Afrique du Sud : les producteurs de melons sud-africains face à une saison d'extrêmes
La saison semble être marquée par des extrêmes pour les producteurs de pastèques et de melons. Pour les fruits de haute qualité, les prix sont excellents, affirme un négociant de melons au marché municipal de Johannesburg, le plus grand marché de pastèques du pays, mais on trouve des fruits défectueux sur le marché.

« Ce n'est pas une saison normale en termes de pluie et le temps a été mauvais », remarque un autre négociant du marché des pastèques.

Les premières pastèques du Limpopo étaient très bonnes, note le négociant, mais les fortes pluies constantes et les nombreux jours couverts de janvier et février ont dilué les sucres, entraînant des maladies comme la rouille et finalement l'effondrement des fruits.

La plupart des pastèques proviennent encore de l'extrême nord de la deuxième récolte du Limpopo et du Cap occidental.

Certains producteurs du Cap-Oriental fournissent les meilleurs melons pour le moment, selon un négociant, mais c'est une saison d'extrêmes : d'autres producteurs de la province ont connu d'énormes problèmes de qualité dus aux maladies et aux dégâts causés par la pluie.

Les prix sont en baisse, les prix des petites pastèques vont de R10 (0,6 euros) à R30 (1,8 euros), ceux des moyennes et grandes jusqu'à R50 (3 euros). « Il n'y a absolument aucune demande et l'offre est importante sur le marché, voire en surabondance.
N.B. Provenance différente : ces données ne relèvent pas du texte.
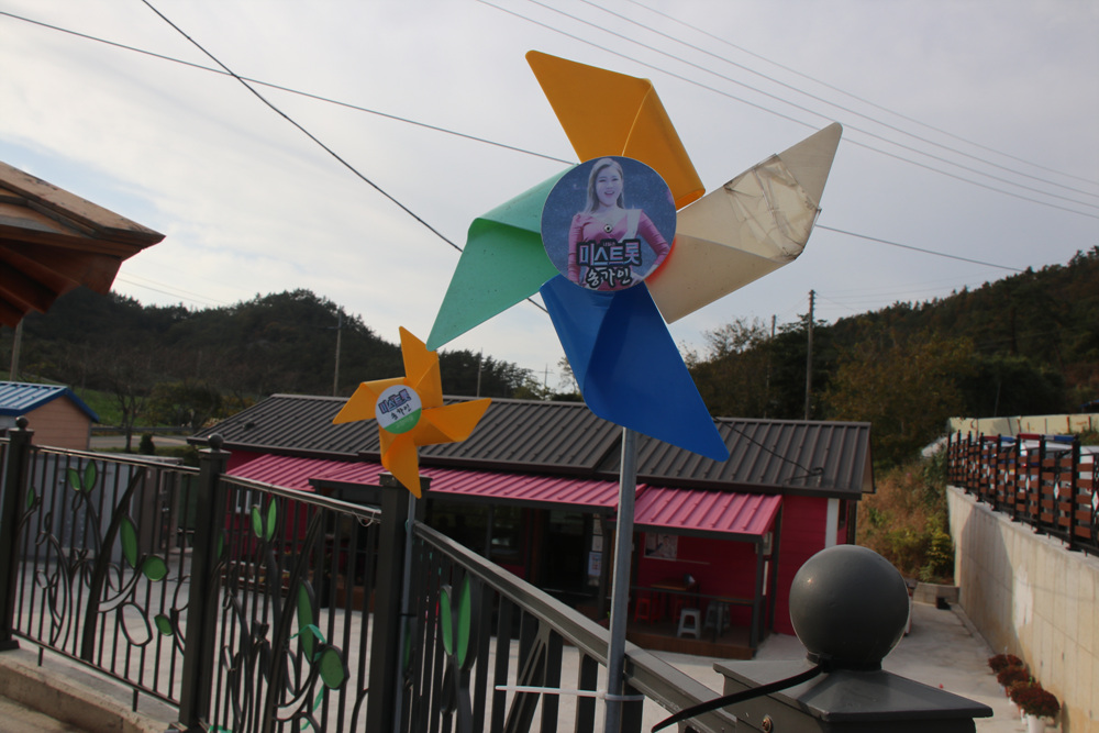 가게 입구에는 송가인 바람개비가 장식되어 있으며
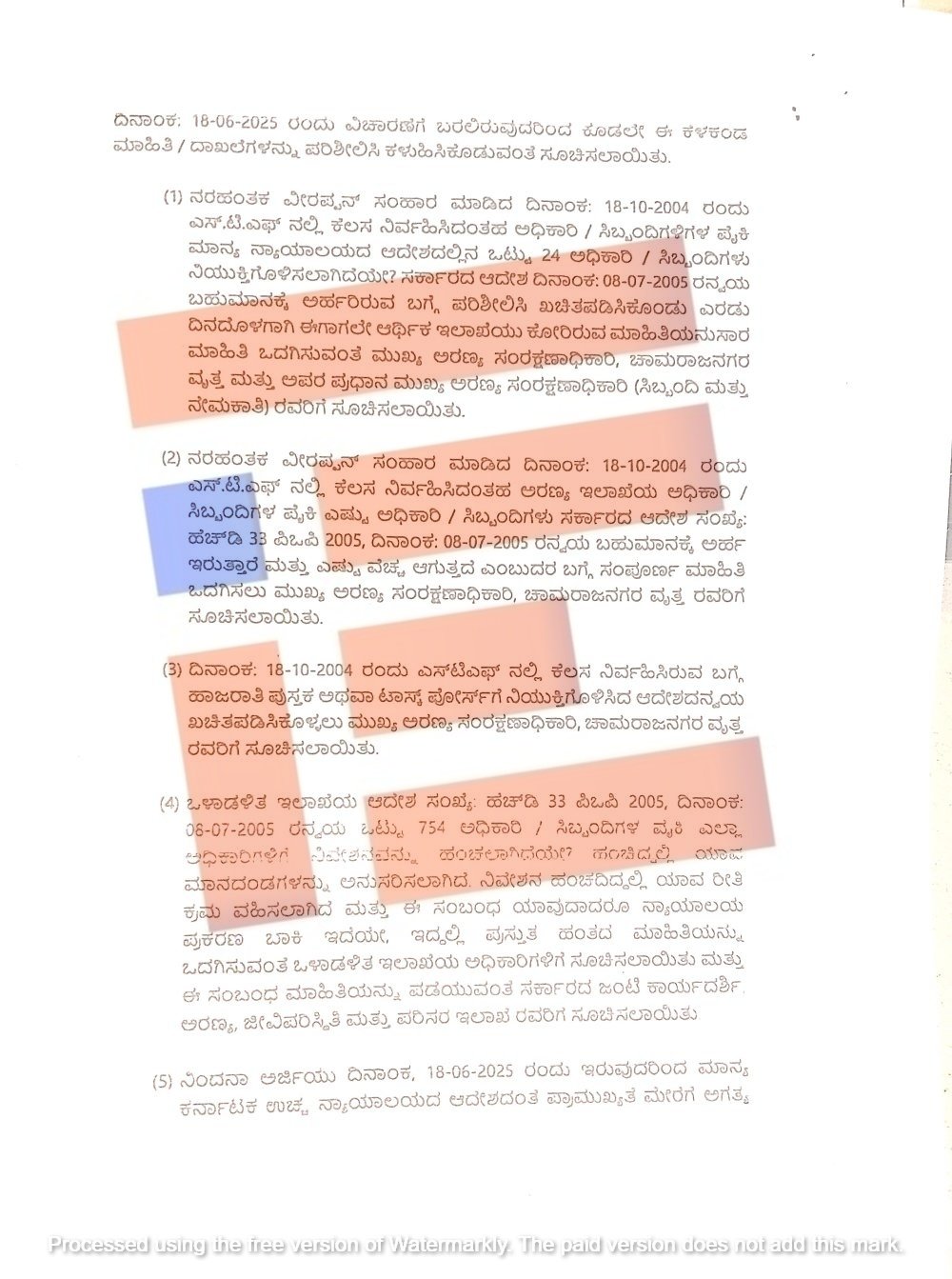 ‘ನರಹಂತಕ ವೀರಪ್ಪನ್ನ್ನು 2004ರ ಅಕ್ಟೋಬರ್ 18ರಂದು ಸಂಹಾರ ಮಾಡಿದ ದಿನದಂದು ಎಸ್ಟಿಎಫ್ನಲ್ಲಿ ಕೆಲಸ ನಿರ್ವಹಿಸಿದಂತಹ ಅಧಿಕಾರಿ ಸಿಬ್ಬಂದಿಗಳ ಪೈಕಿ ನ್ಯಾಯಾಲಯದ ಆದೇಶದಲ್ಲಿನ ಒಟ್ಟು 24 ಅಧಿಕಾರಿ ಸಿಬ್ಬಂದಿಗಳನ್ನು ನಿಯುಕ್ತಿಗೊಳಿಸಲಾಗಿದೆಯೇ, ಸರ್ಕಾರವು 2005ರ ಜುಲೈ 8ರಂದು ಹೊರಡಿಸಿದ್ದ ಆದೇಶದಂತೆ ಬಹುಮಾನಕ್ಕೆ ಅರ್ಹರಿರುವ ಬಗ್ಗೆ ಪರಿಶೀಲಿಸಿ ಖಚಿತಪಡಿಸಿಕೊಂಡು ಎರಡು ದಿನದೊಳಗಾಗಿ ಆರ್ಥಿಕ ಇಲಾಖೆಯು ಕೋರಿರುವ ಮಾಹಿತಿ ಅನುಸಾರ ಮಾಹಿತಿ ಒದಗಿಸಬೇಕು,’ ಎಂದು ಚಾಮರಾಜನಗರದ ಮುಖ್ಯ ಅರಣ್ಯ ಸಂರಕ್ಷಣಾಧಿಕಾರಿ ಮತ್ತು ಸಿಬ್ಬಂದಿ ಮತ್ತು ನೇಮಕಾತಿ ವಿಭಾಗದ ಎಪಿಸಿಸಿಎಫ್ ಅವರಿಗೆ ಸೂಚಿಸಿರುವುದು ನಡವಳಿಯಿಂದ ಗೊತ್ತಾಗಿದೆ.

Après janvier, le pouvoir d'achat baisse de toute façon. »

Il y a quelques années, cette période de la saison n'aurait été approvisionnée que par les pastèques de l'État libre, mais aujourd'hui cette période se partage avec la deuxième récolte du Limpopo ; les pastèques sont plantées comme une culture de rente. Les hectares plantés peuvent donc varier considérablement d'une saison à l'autre.

La méfiance des acheteurs s'est même étendue aux pastèques attendues dans d'autres régions qui ont également reçu des pluies inhabituellement abondantes, comme l'État libre dont la saison des pastèques commencera dans les deux prochaines semaines.

Amérique du Nord : une saison incertaine pour les melons d'Amérique du Nord
Les approvisionnements de pastèques sont plus faibles actuellement.

Un expéditeur indique que les approvisionnements plus légers de pastèques proviennent du centre du Mexique vers McAllen, Texas, et des approvisionnements plus limités vers Nogales, Arizona. « La qualité est correcte et le calibrage est normal. Nous assistons à une répétition de l'année dernière. Je pense qu'elle sera plus légère au fur et à mesure que nous quittons le Mexique et que nous arrivons en Californie », dit-il. « Le marché est très serré en ce moment et les prix se situent entre 250 et 300 dollars le panier. »

Cela dit, il ajoute que de nouveaux champs vont percer à la fin du mois et dans la première partie d'avril. « L'année dernière, le marché était, dans la même fenêtre, entre 250 et 300 $ également », dit-il.

Il note cependant que cette année, les produits importés ont été moins nombreux sur la côte ouest, probablement en raison des retards dans les ports et des coûts de transport élevés.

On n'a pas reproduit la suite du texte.